Essay, 50th Reunion Book
by Sam Brookfield ’64
May 2014
I find writing this, like returning to reunion, very scary. Maybe it is the need to acknowledge the many years that have passed. I remember that anyone over 60 looked terribly old and now we are all over 70. Or more likely it is an uneasiness of not seeing so many for so long.
The move from high school to Yale was an easy transition. College life was not much different from boarding school, just more work and a freer lifestyle. I majored in history thanks to a high-school teacher and Yale’s extraordinary history department. It served me well. Other transitions were more difficult.
In the midst of senior year I realized I didn’t have a clue as to what I was going to do next. I was supposed to be a lawyer like my dad but that didn’t really grab me. Good advice from Sam Chauncey got me to look at boarding school teaching opportunities. I washed up on the shores of Pomfret School as history teacher, dorm master, and football, hockey and crew coach as others washed up on the shores of Vietnam, some not to return. I couldn’t believe that I was being paid $4,000/year to have so much fun, until the issues of drugs, race, coeducation, and war became more than a daily debate. From Pomfret I moved on to the Cranbrook Schools. Six years there were followed by a divorce and a year in Yale’s admission’s office. Then a new marriage that is now in its 31st year, and a move to Brooks School in N. Andover, MA. Now I was 40, time to grow up.
While at Brooks I was asked to become president of an NYC-based organization (the Business Council for the U.N.) that brought U.N. leaders and senior business executives together to better understand each other. In 1984 we moved to the Big Apple where we have been ever since. This work, which included travel to cities across the US spreading the UN word to corporate leaders, kept me busy for 20 years.
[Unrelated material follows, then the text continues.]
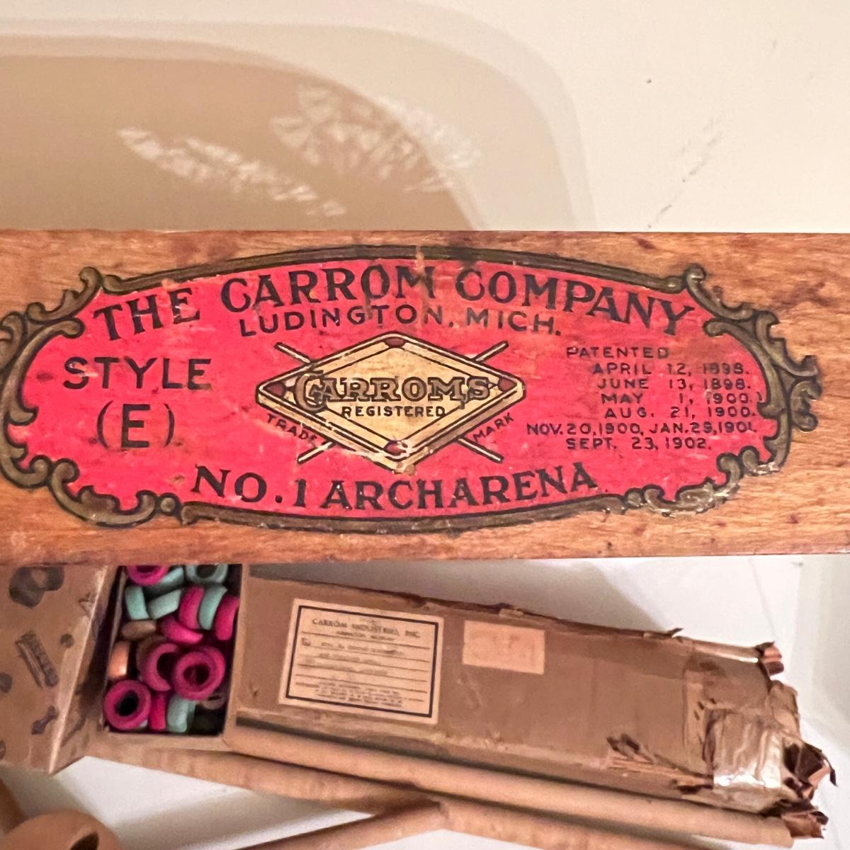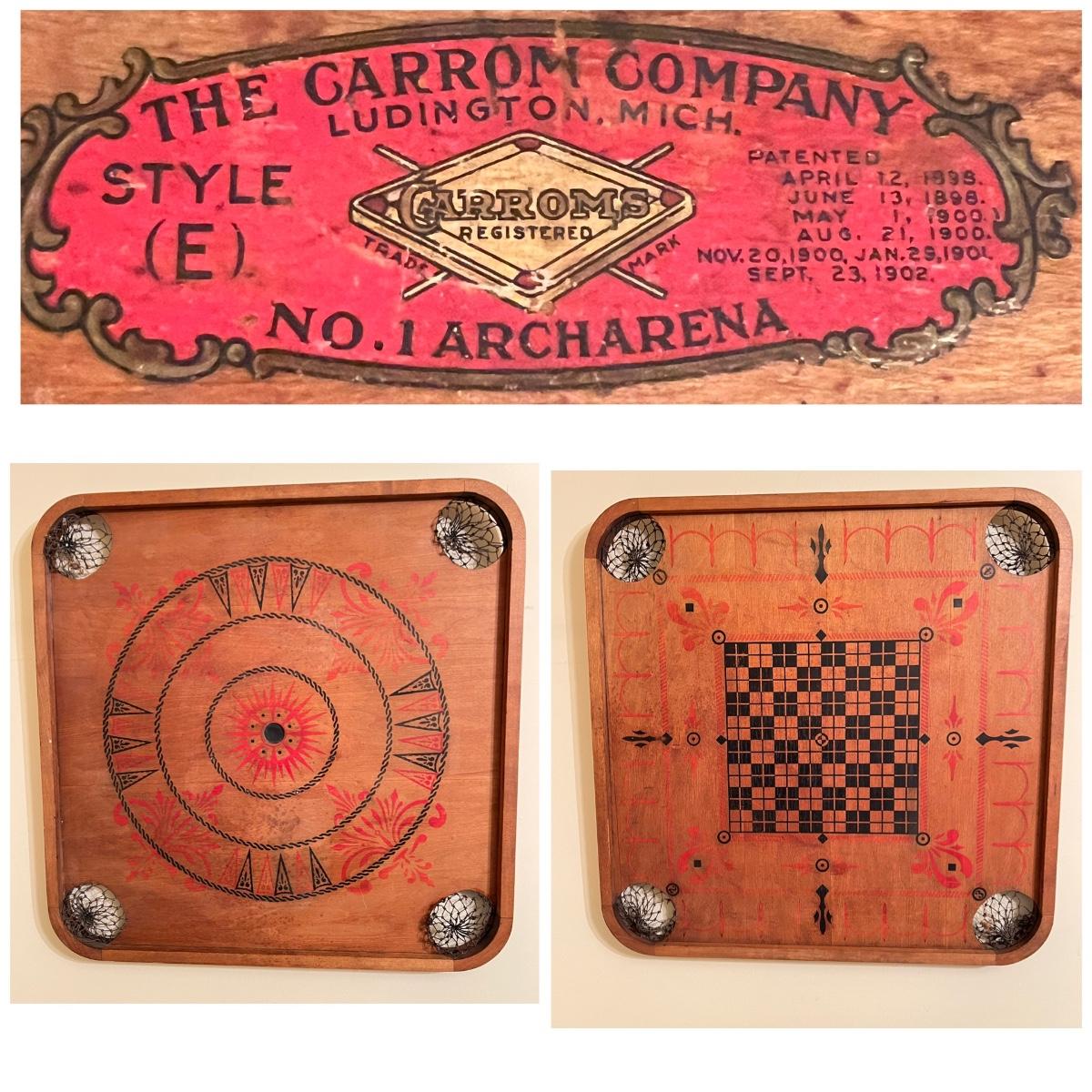 Antique Carrom, No 1 Archarena Style E Double Sided Game Table w. Game Pieces

Those were heady times as the Cold War world was transformed and we rubbed shoulders with Bush 41, Thatcher, Reagan, Gorbachev, and others.
My most recent assignment with the Nigeria Higher Education Foundation was fascinating and challenging, helping to develop alumni and fund-raising capacities of five Nigerian universities, without much success. However I did stumble across a classmate in Nigeria, Wole Odundun. Suddenly I am 70, time to reflect.
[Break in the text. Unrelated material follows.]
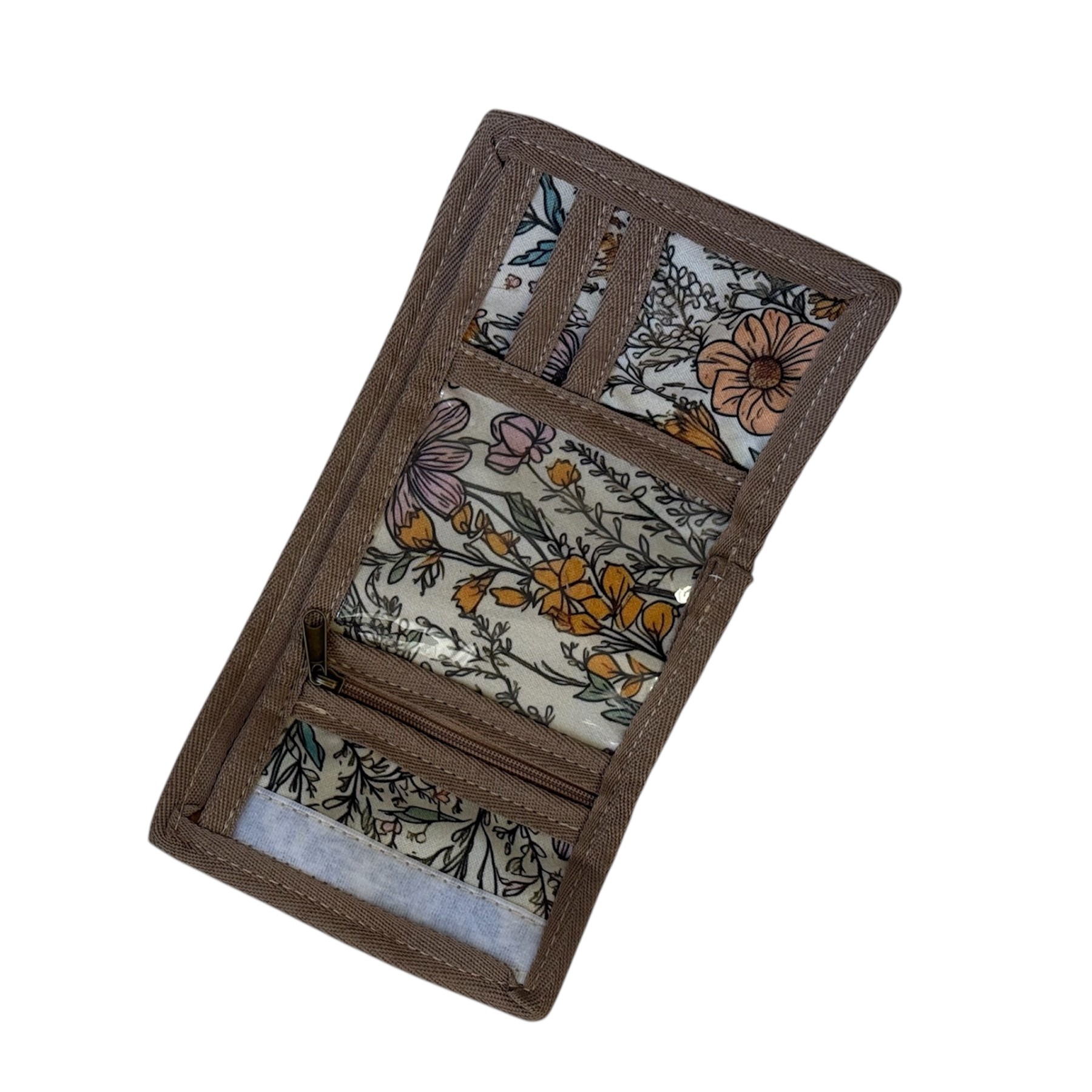 This is made of our beautiful, Nique design waterproof, easy to clean fabric, with genuine leather binding. The wallet has a zipper pocket for coins, plastic window for that special photo, 2 card slider compartments as well as a big opening for the big money.

Throughout this journey I was supported by a wonderful and patient family. Four terrific children: Jon, an Eli and professor of Asian business at Fletcher School of Law and Diplomacy, Chris, a managing director of a Washington-State-based micro-finance investment fund, Alyce, beginning the trek to becoming a medical doctor after an education MA from Harvard and opening an elementary school in Johannesburg, and Sam, beginning studies leading to an engineering master’s.
At the end of the day as the shadows lengthen and the evening comes, I recognize that the loving care and understanding devotion of my wife, Pauline, has made all the difference.
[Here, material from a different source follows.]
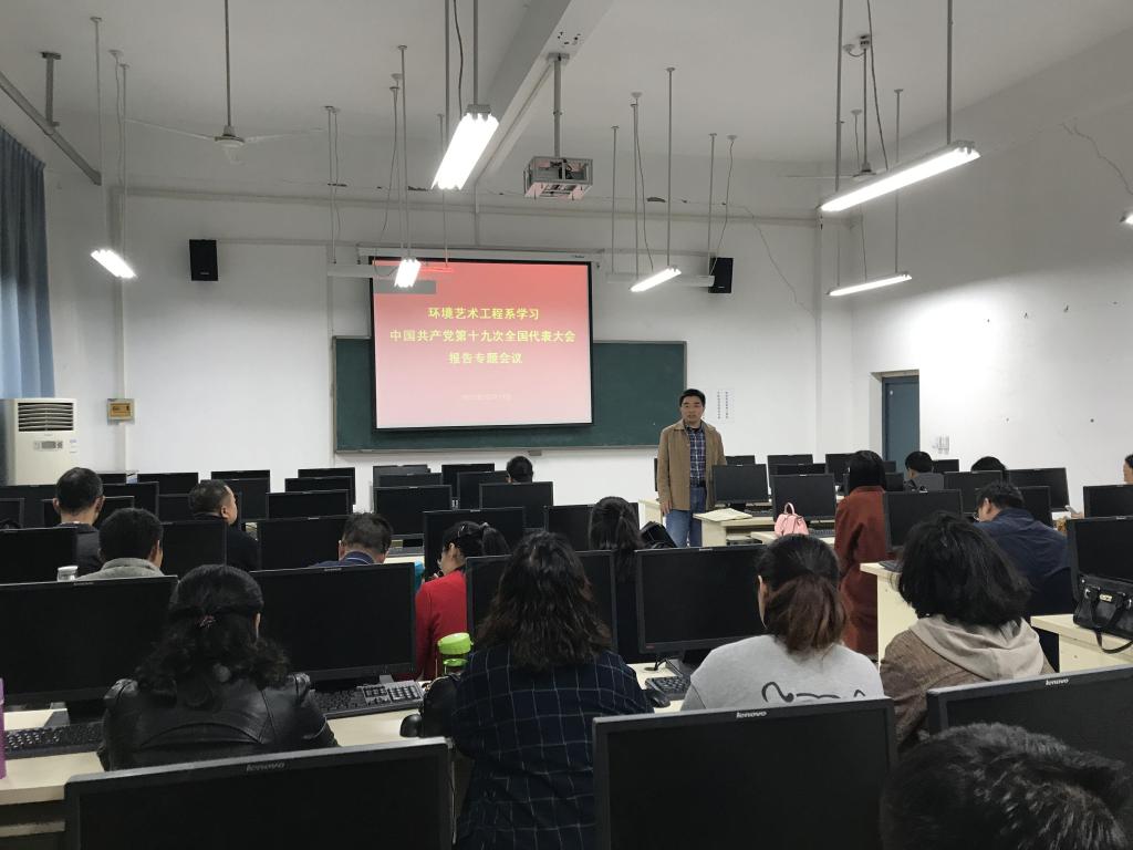 昨天下午,环境艺术工程系在电教楼109召开全体教工会议,集中学习中国共产党第十九次代表大会上习总书记的报告精神。系党总支王永书记就十九大报告的组织学习、结合实际进一步做好毕业生就业和全系安全稳定等工作提出具体要求。陆立颖主任也结合十九大精神给老师们提出了更高的要求和新的希望。根据学院教学管理工作的新要求和新做法,针对我系教学特点和实际情况,李倩副主任做出具体部署。(撰稿:李宁;审稿:王永)

I am hopeful for future generations. I am struck by the breadth of their experience and how well that bodes for the future. While the history of war is so central to our lifetime from Vietnam forward, I am certain our children have the tools to overcome the messy world we are leaving. The question is how they use those tools. I look ahead to living long enough to have a hint of the answer.